My guest was Dawn Bowdish, associate professor of immunology at McMaster University. She raised some excellent points about biological, lifestyle and sociological differences that contributed to a difference in longevity in the past.
She noted that as women and men started living more similar lifestyles, the life expectancy difference narrowed too – women are now expected to live to age 84 compared to age 80 for men. However, there is a persistent four-year age-gap and women continue to have a longer maximum life expectancy than men.
The 10 oldest people in the world are women; it remains to be seen whether that changes over time as well.
A listener suggested that the reason for men’s shorter lives was that they had more stress because of work. My guest countered that many would say that staying home with the kids is more stressful.

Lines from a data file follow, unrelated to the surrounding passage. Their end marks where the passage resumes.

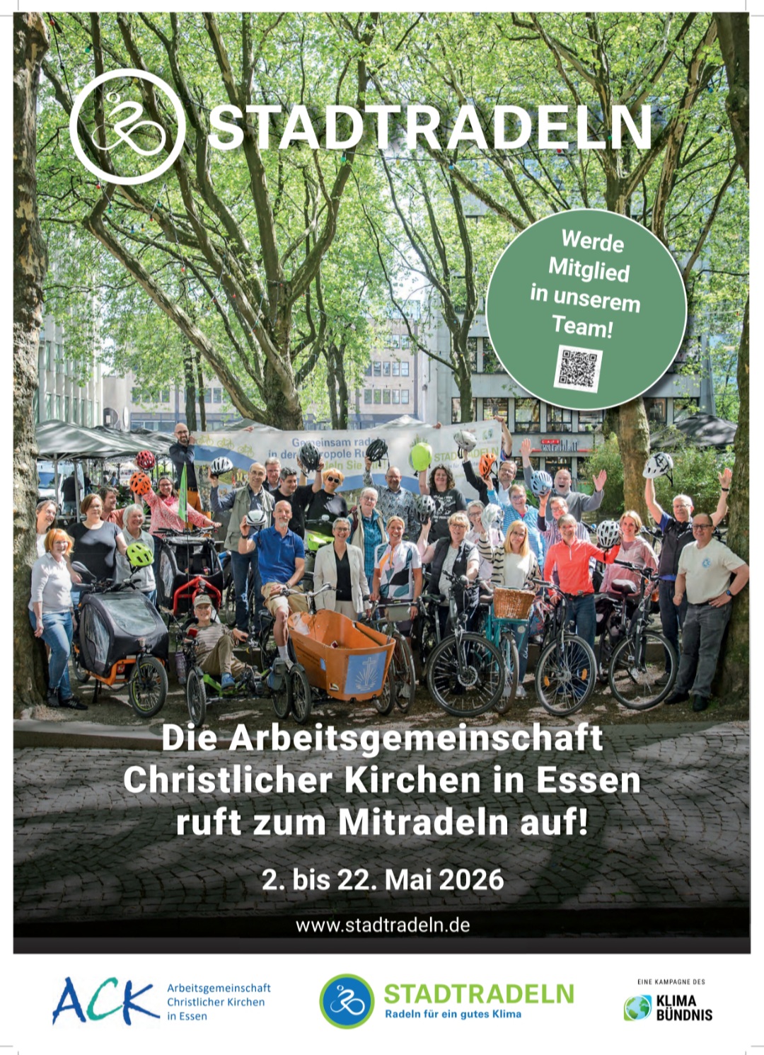 Die Stadtradeln-Aktion in Essen ist eine jährliche Kampagne, bei der Bürgerinnen und Bürger dazu aufgerufen werden, möglichst viele Wege mit dem Fahrrad zurückzulegen. In einem Zeitraum von 21 Tagen, zwischen dem 2. und 21. Mai, sammeln Teams wie Schulklassen, Unternehmen, Vereine oder der ACK- Arbeitskreis christlicher Kirchen – gemeinsam Kilometer, die online oder per App erfasst werden. Ziel ist es, den Klimaschutz zu fördern, den Radverkehr zu stärken und ein Bewusstsein für nachhaltige Mobilität zu schaffen. Pfarrerin Metz hat für das Team des ACK ein Unterteam FHE gegründet und freut sich, wenn Sie dabei sind. Sprechen Sie sie dazu gerne an.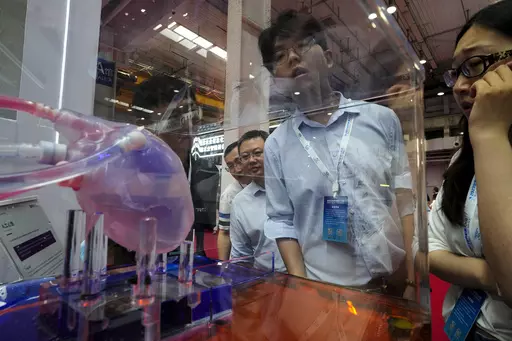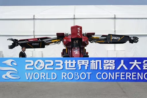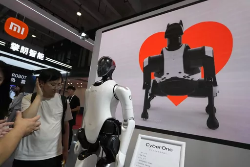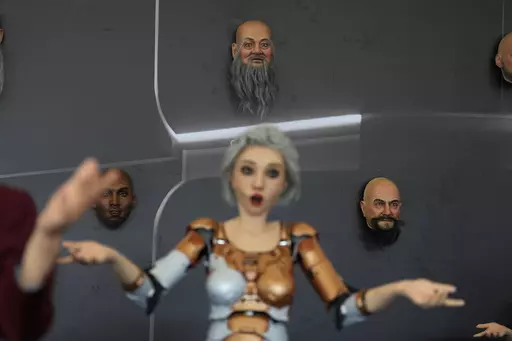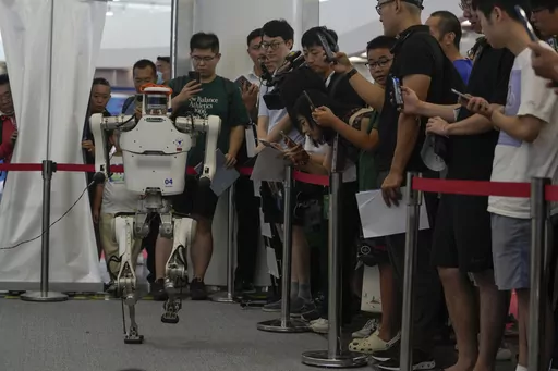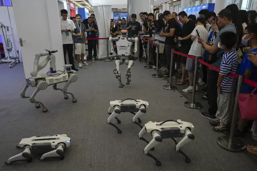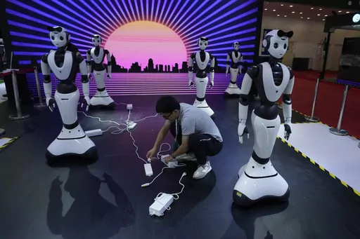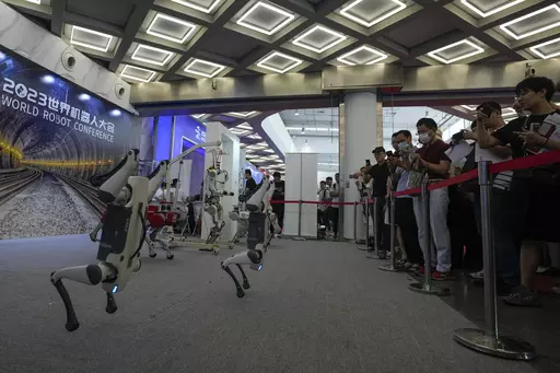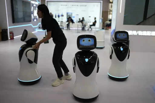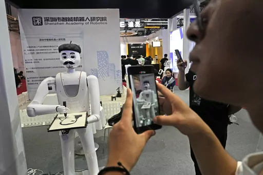 BEIJING (AP) — Winking, grimacing or nodding their heads, robots mimicked the expressions of visitors at a robot expo in Beijing.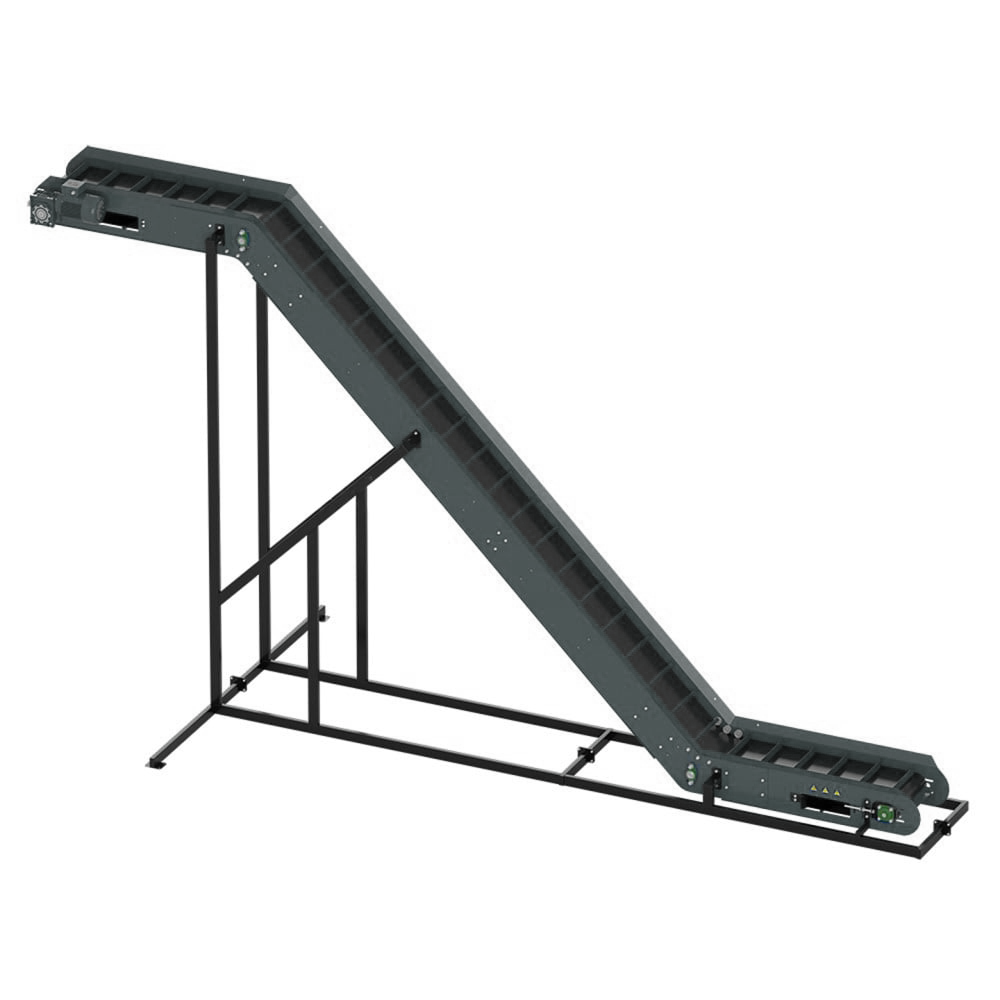 Konstrukcja zgarniakowa (z przegrodami na taśmie) umożliwia przenoszenie materiału pod znacznym kątem, nawet do 45°.

I tend to agree. Remembering back to the times I used to babysit and worried about the tots escaping from the backyard, falling off their bike, getting run over by a car, having an allergic reaction, falling down the stairs, sticking their finger in a light socket, drowning in the bath, choking on an apple or any of a thousand other things that could have gone wrong, I’m stressed out just thinking about it.
Factoring in having to constantly clean up after messes, never having a moment alone and chronic sleep deprivation only compounds the stress, in my opinion. By comparison, doing three hours of live radio is a vacation.